When you decide you have finalized the UVW map and you are happy with it, copy the UVWs and paste them onto the original model, the one with the subdivision steps. Now you need to create all the maps. I usually create three maps: Color, Displacement and Normal (Fig.22).
This is the phase where you need to export maps and the model at the desired subdivision steps. The fastest way to do so this is to hit the GOZ button that automatically exports all the objects and maps into the third party application that you use for rendering.
I hope soon that this step will be less important for some of us, especially considering how quickly the BPR settings in ZBrush are being developed. Soon we will end up with a superb modeling tool and a great render engine in one package.

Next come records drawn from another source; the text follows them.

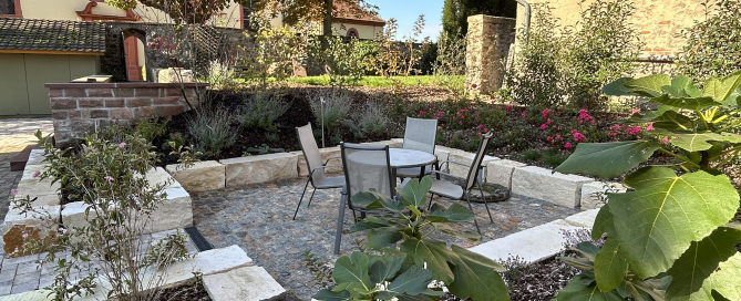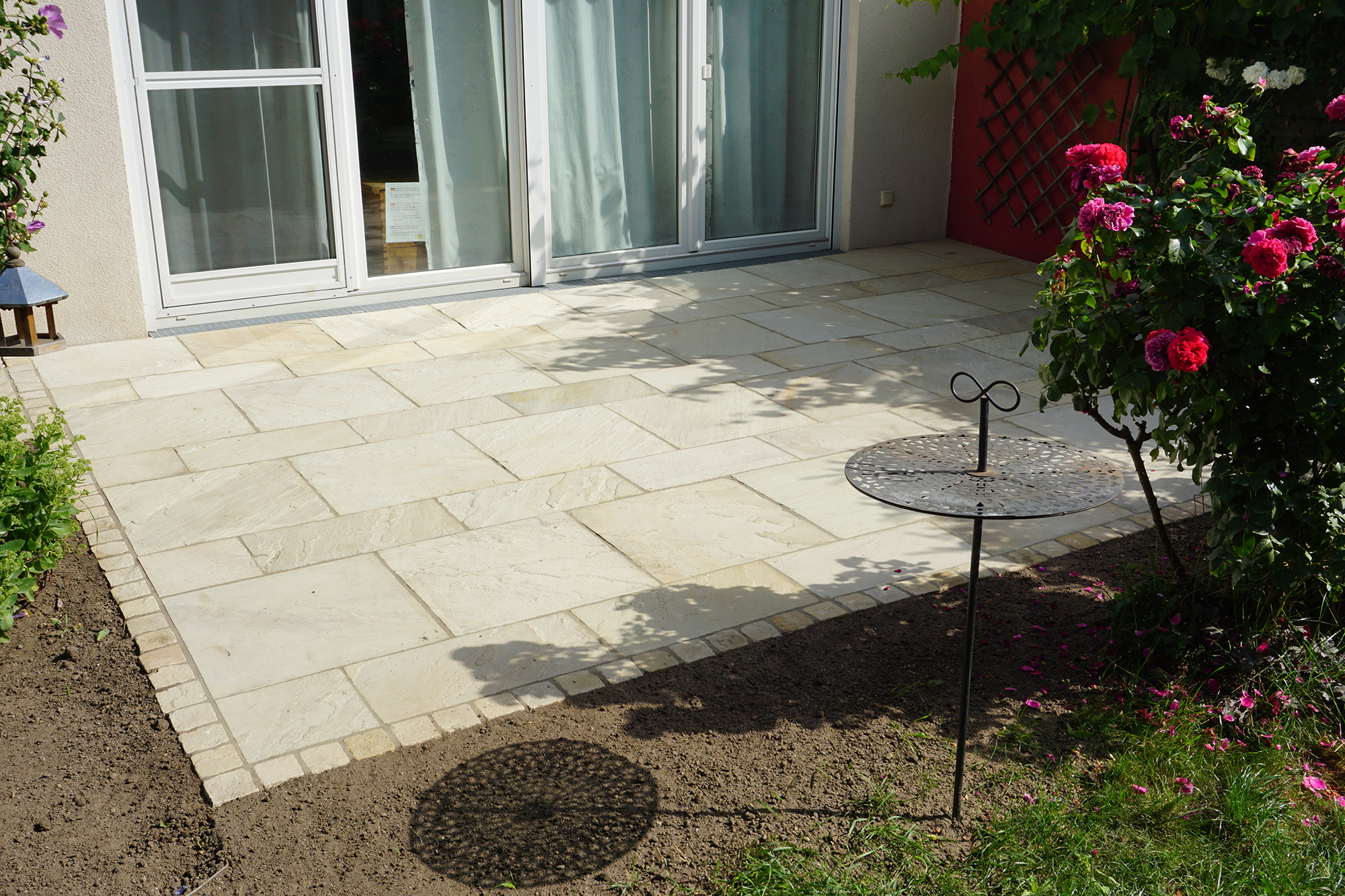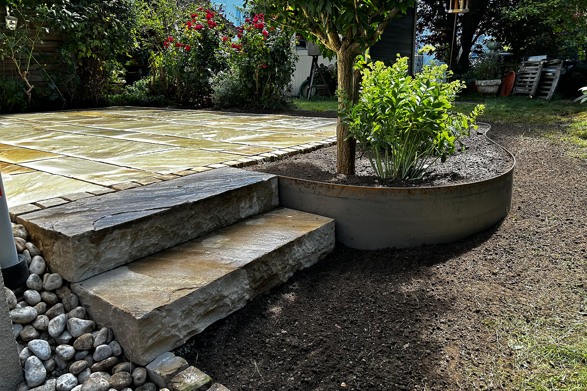 Die Terrasse erhielt einen stilvollen Rahmen, bestehend aus einem einzeiligen Kleinpflasterband. Ein vorhandenes Beet wurde mit einem flexiblen Cortenstahlband in organischer Form neu eingefasst.
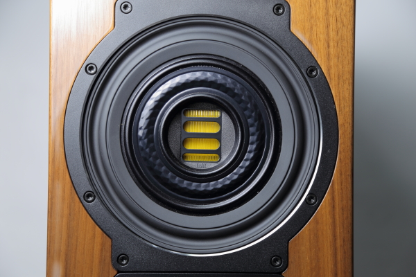 FS507 VX-JET(后文简称FS507)的设计不同于下级系列的老弟们,即便都是使用JET气动式高音,但其他系列喇叭都是独立高音,FS507却是使用高音/中音同轴单体。谁也用上同轴单体?这两年在音响展里曝光率很高的Concentro正是。只不过,Concentro的同轴单体跟500系列又不一样,那是专门为Concentro量身打造的X-JET同轴单体。我们若这样看,Elac只在高阶喇叭上才用上同轴中高音,而FS507是Elac旗下配备同轴单体最可亲的一款。
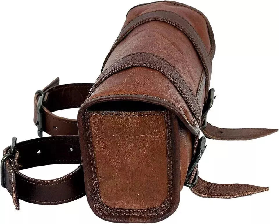 This leather motorcycle bag is a compact solution for riders who need reliable storage on the go. Designed for cruisers, choppers, and café racers, this saddle pouch can be mounted directly onto the frame, fork, or under the seat. Its cylindrical shape is perfect for storing tools, gloves, documents, or other everyday items without adding bulk. With genuine leather material and a brown finish, the saddle bag fits seamlessly with any vintage or classic-style setup.
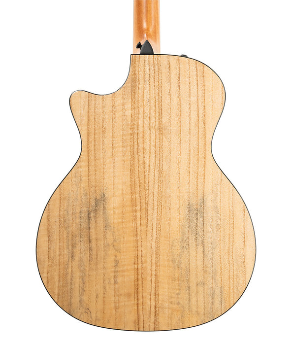 The 424ce LTD is a Grand Auditorium crafted with back, sides and top of solid Urban Ash. As a hardwood, Urban Ash delivers a natural compression effect that will sound familiar to players of mahogany or koa guitars, smoothing out the initial attack to yield a remarkably balanced profile across the frequency spectrum. This model serves up the same fundamental focus you would expect from mahogany-the note you play is the note you'll hear, and the restrained overtone response makes the 424ce LTD a superstar in recording applications. Inside, the V-Class bracing generates its trademark blend of enhanced volume and sustain, coaxing greater musicality and tunefulness from this versatile guitar. Appointments for this limited-edition model match its 400 Series counterparts and include black binding, a three-ring black rosette, Renaissance fretboard and peghead inlays in Italian acrylic, a black pickguard, Taylor satin black tuners, and a natural gloss finish that showcases the natural blonde hue and grain of Urban Ash.
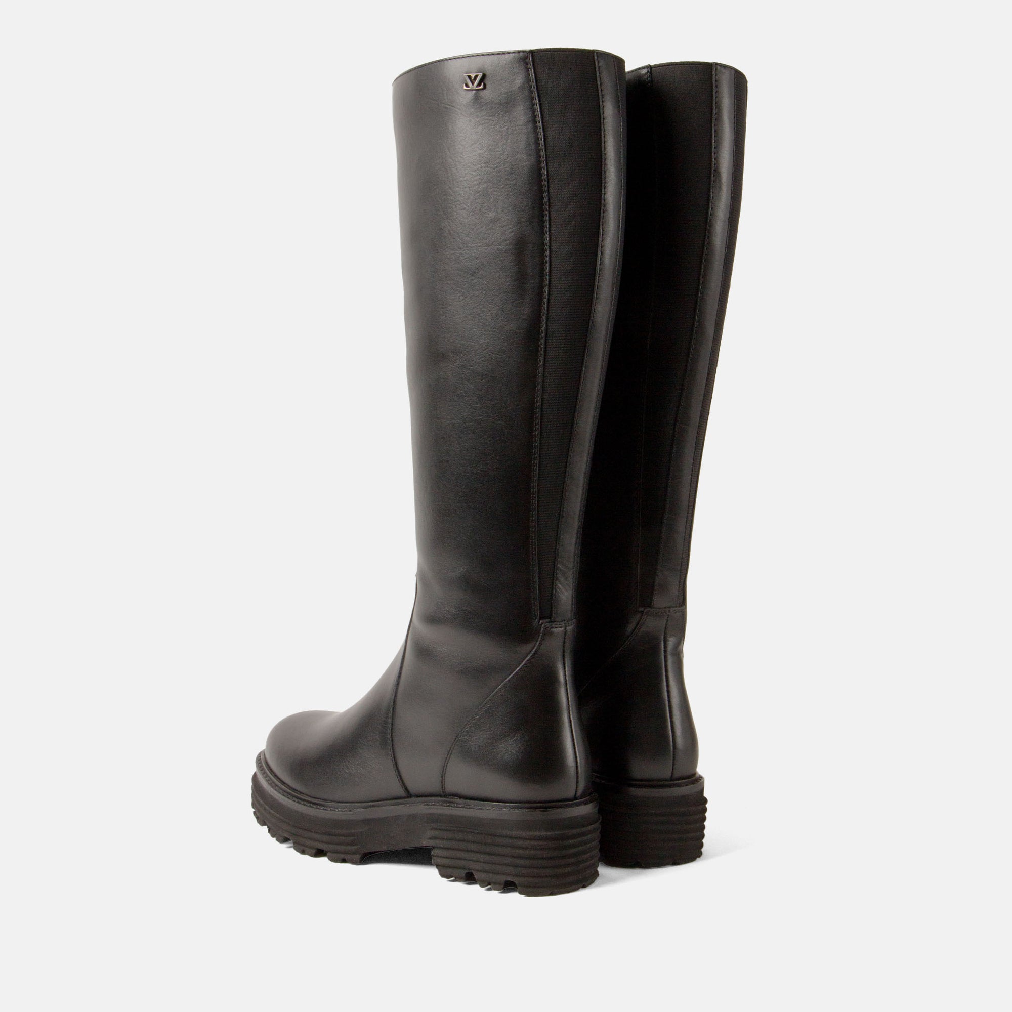 Schlicht, modern und vielseitig kombinierbar – diese hohen schwarzen Stiefel von Lazamani sind ein echtes Garderoben-Essential. Der ca. 39 cm hohe Schaft aus glattem Leder schmiegt sich elegant ans Bein, während das elastische Einsatzpanel an der Rückseite für eine bequeme Passform und zusätzliche Bewegungsfreiheit sorgt. Die leichte Profilsohle verleiht dem Design eine moderne Note und bietet gleichzeitig Grip und Stabilität für all deine täglichen Wege. Innen sorgt das weiche Futter in Kombination mit dem Lederfußbett auch bei langem Tragen für optimalen Komfort. Perfekt zu einer Skinny Jeans und Oversize-Strick für einen lässigen City-Look oder zu Kleid und langem Mantel für ein elegantes Winteroutfit.
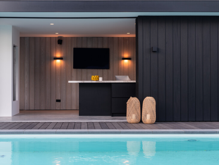 In this design, a modern approach was chosen in which all the equipment is integrated. COOXS designed a custom enclosure for the refrigerators behind the kitchen, while the rest of the equipment is housed in the kitchen block. The outdoor kitchen features an exclusive outdoor teppanyaki and induction cooktop from the Belgian brand Indu+. Additionally, the outdoor kitchen includes a sink with a faucet to complete the setup.

Back to the image! The rendering was done in 3ds Max and I used the mental ray renderer. Since I am still learning and improving my rendering skills, material usage and lighting scenes, my settings are definitely nothing ground breaking, but if you are at some level below me then you might find my input helpful. You can see my SSS skin shader settings in the Material Editor (Fig.23). This is the way I distribute maps over SSS material. It's very basic stuff. I constantly play with the settings, applying different maps to different slots and material properties to get something better. For this image I used Displacement and Normal maps for displacement and bump, as well as Color and Cavity maps for color, specularity and reflectivity.
Lighting is something I definitely need to improve, so I'm not going to spend much time on this part (Fig.24). From the viewport snap it shows how the lights were laid out. The dinosaurs were placed inside a sphere object that had a panoramic spherical map that acted as an environment for the reflections on the dinosaurs' skin (Fig.25). The renderer settings were the default ones.